Admin · February 25, 2025, 4:52pm

We have created a new 4 minute video to show you how to use the powerful new Compare Data and Compare Headers features in Easy Data Transform v2:

Youtube ‘likes’ help us to be more prominent and are much appreciated.

Subscribe to our Youtube channel to be notified of future videos.

prashant · February 26, 2025, 5:37am

Holy crap,

I had no idea this feature exists !

Comparing header in itself was good enough but data is icing on cake!

N8AKTIV · July 13, 2025, 3:47pm

It would be helpful if we could export this result directly.
(only the rows with differences and only the columns with their different values).

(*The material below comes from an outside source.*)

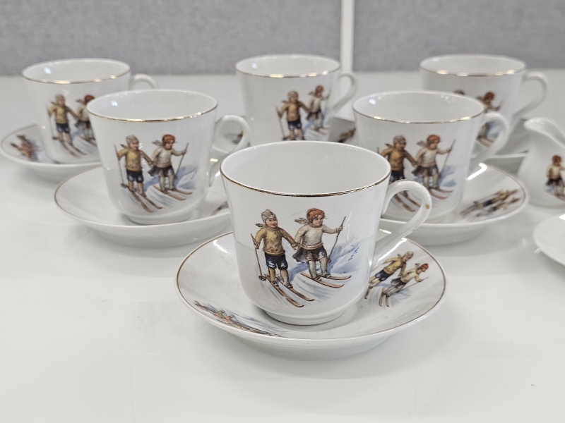 Hyväkuntoiset, kuvissa käyttökulumaa. Kupin h: 9cm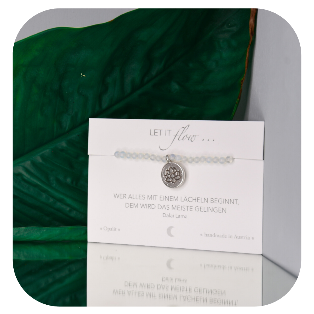 Opalit-Mala-Armband mit Lotusanhänger | Stein des emotionalen Gleichgewichts | Handgefertigt in Österreich

Yes, we can do all the comparison in a flow with “subtract” left from right and vice versa, but an easy-to-use compare-data-component that does this for us or an export function within this compare-data-screen would be great

Admin · July 13, 2025, 4:27pm

We have thought about doing a Diff transform. I’m not sure how you would best represent the results as a single table though. Especially when the inputs might have different numbers of rows and different columns.

Note that you can Join 2 dataset by key or row number and then use Filter to remove rows where 2 values match in particular columns. This doesn’t really scale when you want to compare lots of columns though. Although I guess you could Concat Cols the columns you care about.

Perhaps you could give some information about a real world example where you need to do this?

N8AKTIV · July 23, 2025, 3:56pm

That is exactly my challenge

We have a big Material-Masterdata-list with lots of attributes (50+).
When I compare it today with the previous month’s list (based on the material no. as key), I merge all columns and export them if there are differences in any of the columns.
( the number and names of the columns stays the same ! )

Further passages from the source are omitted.